Dataset items:
----------

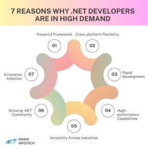 - The combination of technological strength, widespread enterprise adoption, rapid development, cross-platform flexibility, and strong integration capabilities makes dedicated .NET developers highly in demand in the software development market.
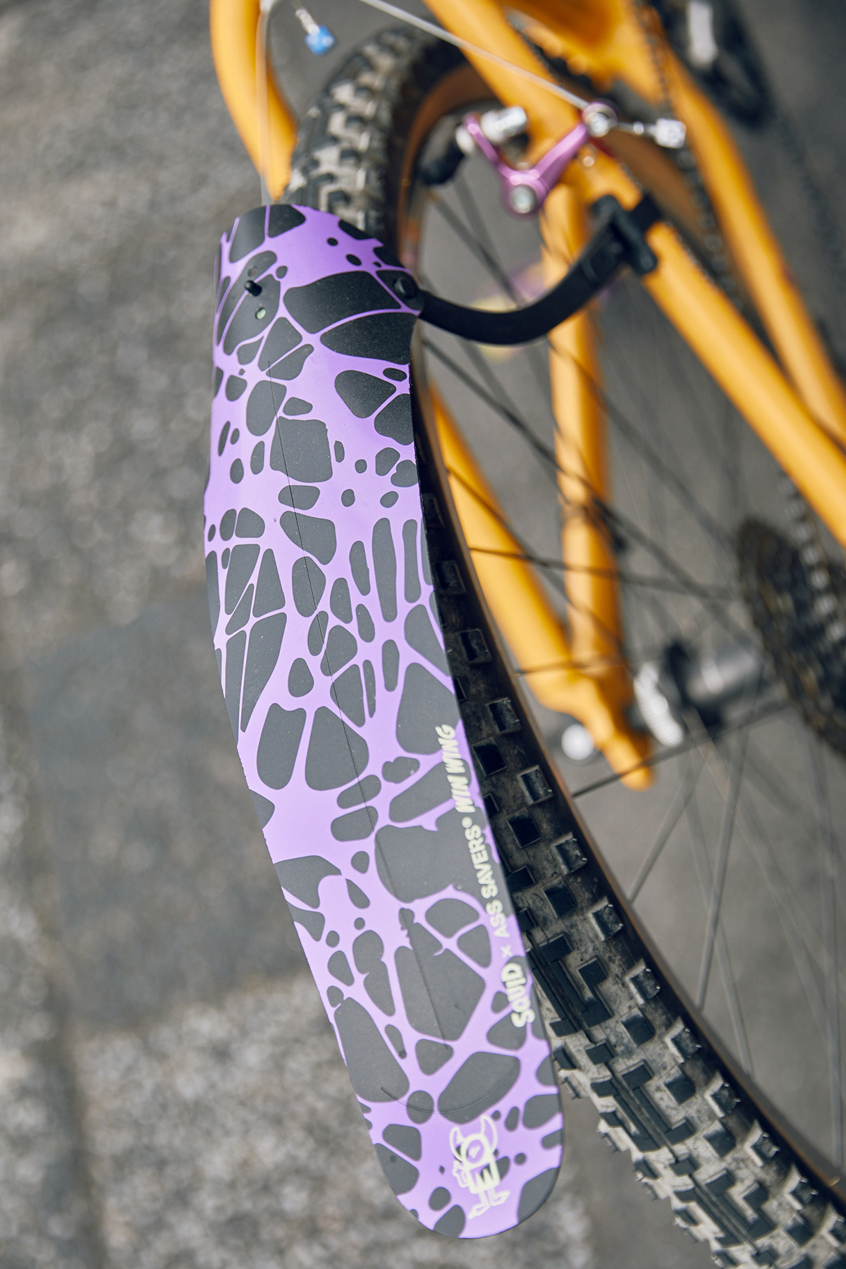 クリップオン式の泥除けは、工具いらずで数秒で取り付けられる。膝上から背面全体をしっかり守ってくれる優れもの。
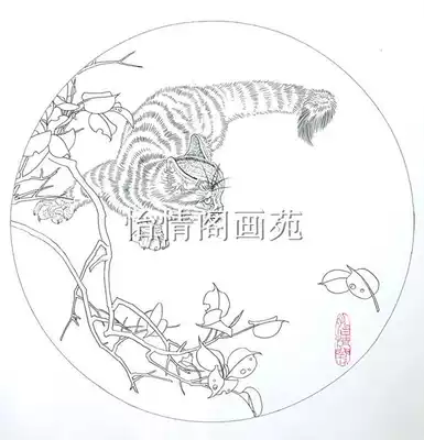 Meticulous painting white drawing draft round Cat white painting landscape flowers and birds animal line drawing copy material 337
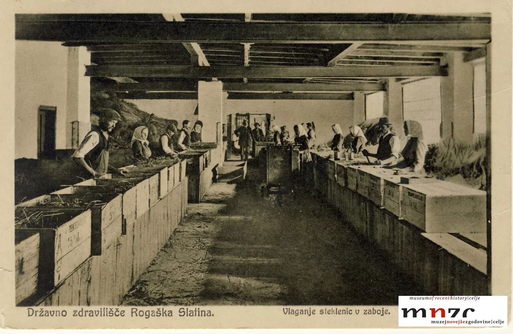 Rogaška Slatina thermal health resort, bottles are being placed in crates, 1920s/1930s.
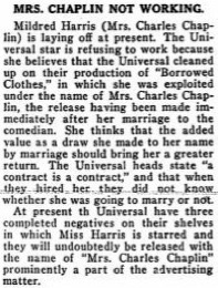 Mildred Harris (Mrs. Charles Chaplin) is laying
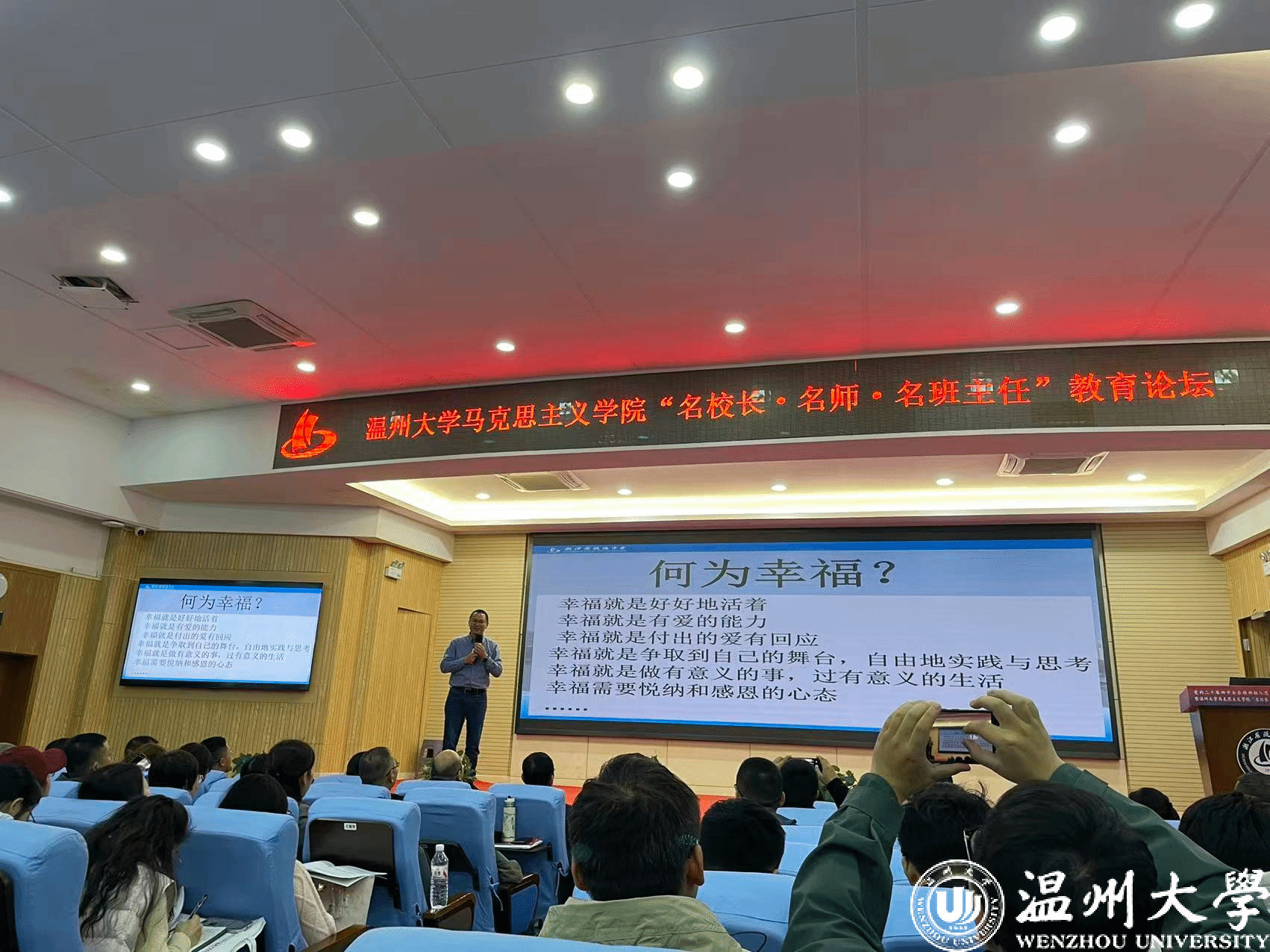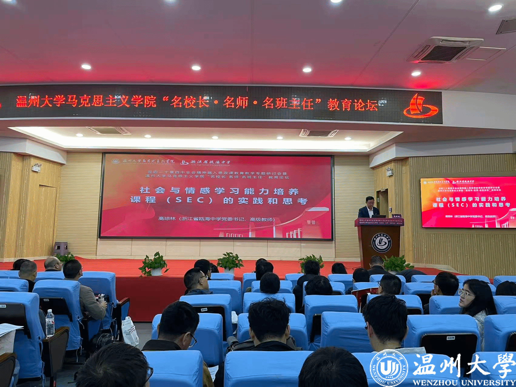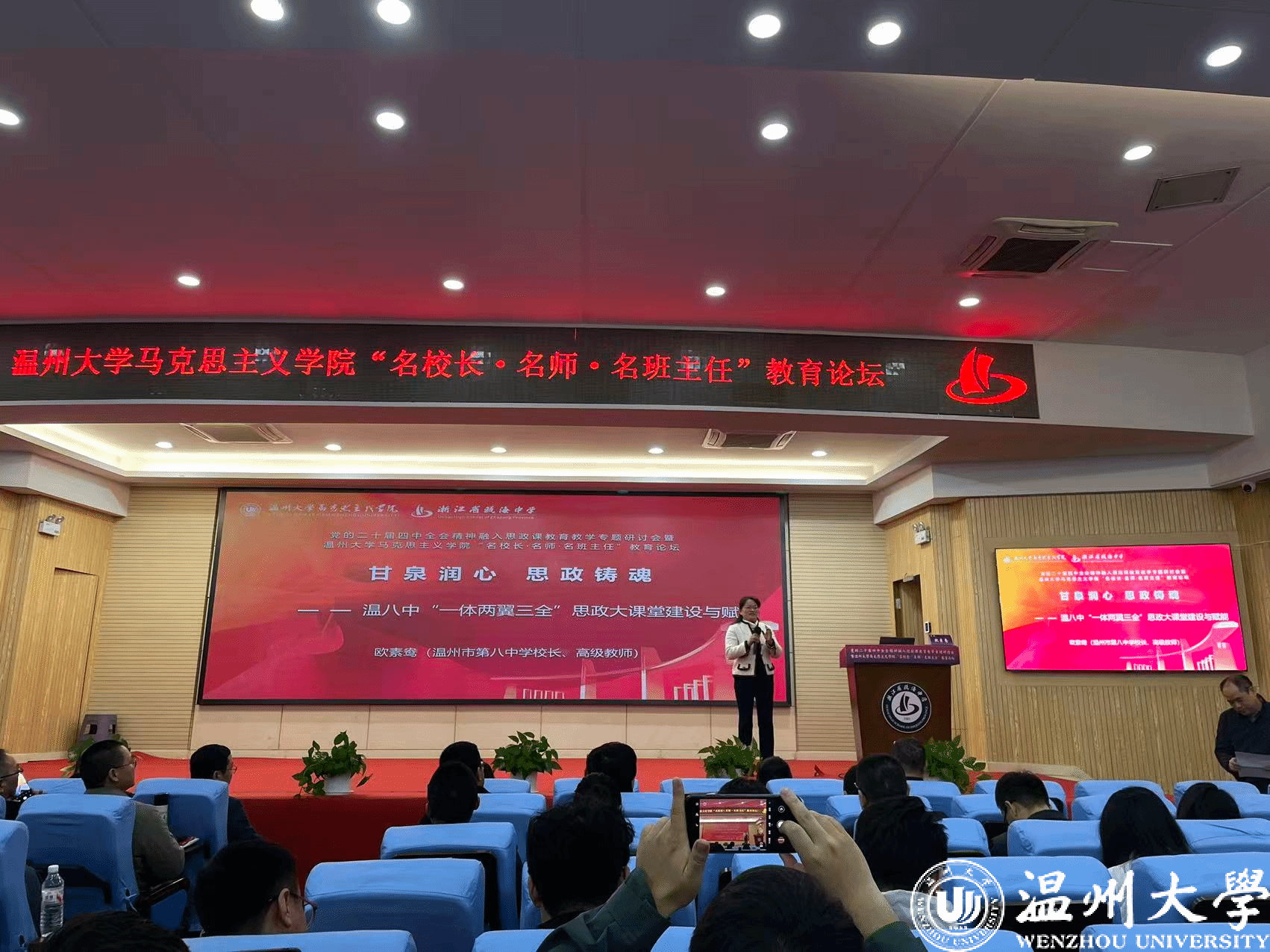 为深入学习贯彻党的二十届四中全会精神,推动党的最新理论融入思政课建设,推进大中小学思政教育一体化建设,搭建高校马院与中小学协同育人的平台,11月29日,党的二十届四中全会精神融入思政课教育教学专题研讨会暨满冠平台马克思主义学院“名校长·名师·名班主任”教育论坛在瓯海中学举行。
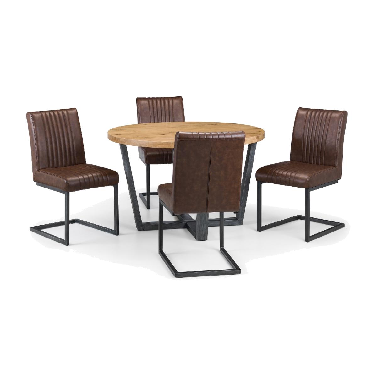 Made from solid oak, this round dining table offers a rustic finish emphasising the stunning natural wood grain. The Brooklyn Round Dining Table offers a vintage edge featuring industrial trestle style metal legs. This spacious table can seat up to 4 people, perfect for a wide range of modern decor. Part of the Julian Bowen Brooklyn Dining and Occasional Collection.
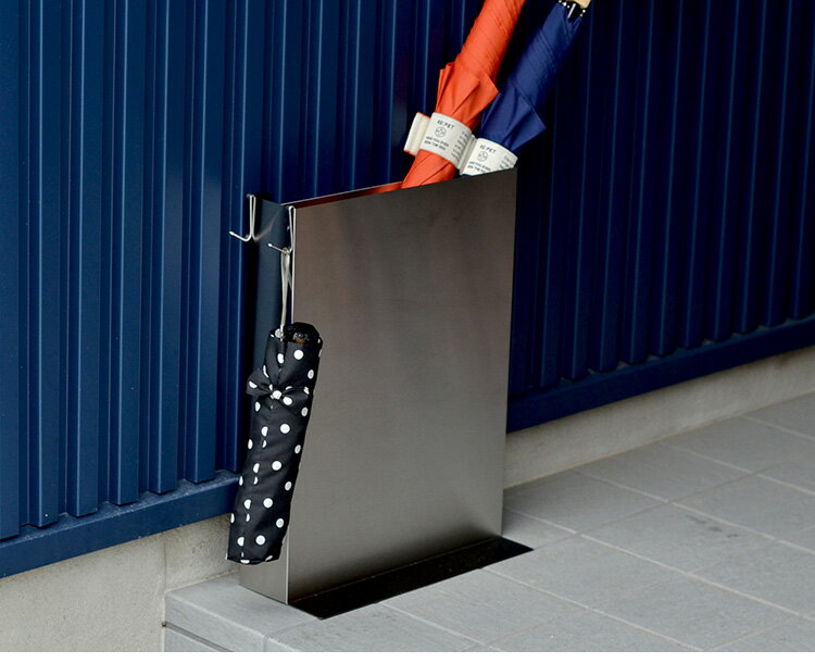 日本製 ステンレス傘立て スリム 幅31cm 奥行12cm 高さ40cm シンプル フック付き アンブレラスタンド 玄関収納 スタイリッシュ かさたて 隙間収納 すき間収納 省スペース 梅雨対策(代引不可)【送料無料】
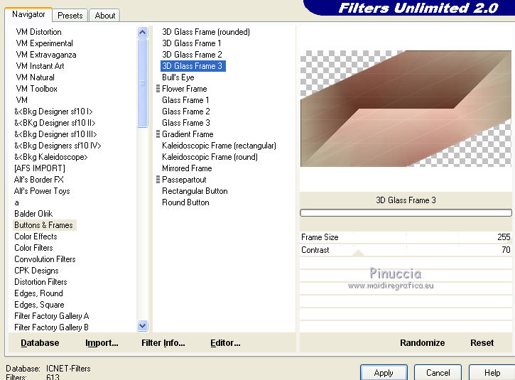 10. Effetti>Plugins>Filters Unlimited 2.0 - Buttons & Frames - 3D Glass Frame 3.
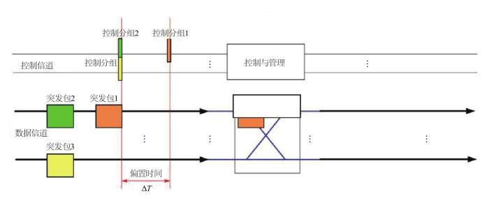 基于OBS技术将数据组织成burst packets(图2所示),每个burst packet由control packet与data packet构成。data packet具备相同的属性(如IP分组字段、以太网帧字段与中继帧字段等)。每个data packet都对应一个control packet(参见文献[31]),其中包含了与传输相关的关键信息包括突发数据长度、偏移时间、生存时间、波长以及路由参数等信息。基于OBS的技术架构设计存在核心挑战——在实现资源保留功能时需要权衡效率与灵活度之间的关系。典型采用的双向资源保留方案是call signaling protocol(参见文献[32]),然而这种组织方式会导致较大的延迟问题(参见文献[33])。基于OBS的技术架构设计存在核心挑战——在实现资源保留功能时需要权衡效率与灵活度之间的关系. 采用burst packet的方式能够满足高吞吐量的数据传输需求及低延迟的小命令传输需求;然而这种组织方式会导致较大的延迟问题.
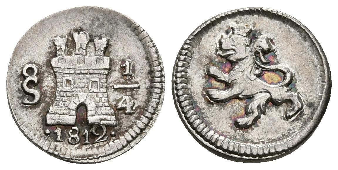 FERNANDO VII. 1/4 Real. 1812. Santiago. El 1 del valor rectificado. El 2 de la fecha grande. Cal-1495. Ar. 0,86g. Preciosa pátina irisada. EBC+. Escasa así.
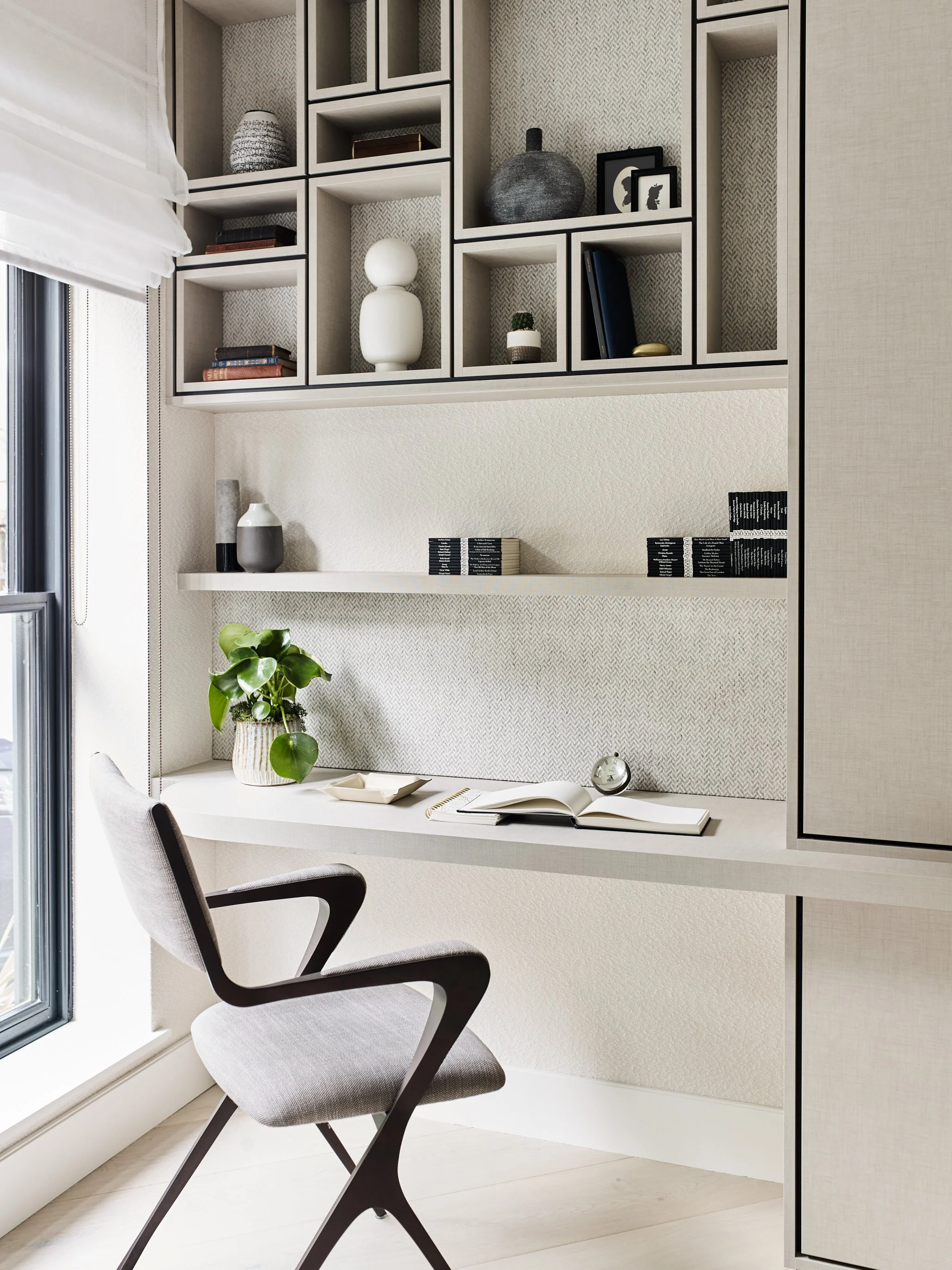 The house had very few architectural features with little to no elements that we wanted to retain within the design. More importantly, the layout of the original design didn’t work for the client at all. We worked hand in hand with an architect to keep the façade of the property and some of the joisted floors but start afresh with the rest of it. We added new staircase position, a ground floor extension, a new rear façade, new glazing at the front and back and by doing so, it allowed us to create an entirely new identity for the property. By doing that, we had to carefully spend time thinking about what exactly the new character would be - a designer’s dream scenario! We were left with a building envelope with limited ceiling heights and needed to decide how to make the most of that. Instead of introducing classical features, which would’ve made the ceiling feel even lower, we took our time carefully developing a contemporary concept packed with light, neutral tones, lots of green to bring in a taste of the outside and fully embrace our love of biophilic design. We layered in natural woods, light stained oaks and nice marbles to celebrate the tranquility and calming feel we wanted to emulate with the new character of the property.

----------

Instructions to follow - Each line from the first line of the data above through the one containing "为深入学习贯彻党的二十届四中" must be set down exactly; the pictures must not be.

Exercise solution -
 - The combination of technological strength, widespread enterprise adoption, rapid development, cross-platform flexibility, and strong integration capabilities makes dedicated .NET developers highly in demand in the software development market.
 クリップオン式の泥除けは、工具いらずで数秒で取り付けられる。膝上から背面全体をしっかり守ってくれる優れもの。
 Meticulous painting white drawing draft round Cat white painting landscape flowers and birds animal line drawing copy material 337
 Rogaška Slatina thermal health resort, bottles are being placed in crates, 1920s/1930s.
 Mildred Harris (Mrs. Charles Chaplin) is laying
 为深入学习贯彻党的二十届四中全会精神,推动党的最新理论融入思政课建设,推进大中小学思政教育一体化建设,搭建高校马院与中小学协同育人的平台,11月29日,党的二十届四中全会精神融入思政课教育教学专题研讨会暨满冠平台马克思主义学院“名校长·名师·名班主任”教育论坛在瓯海中学举行。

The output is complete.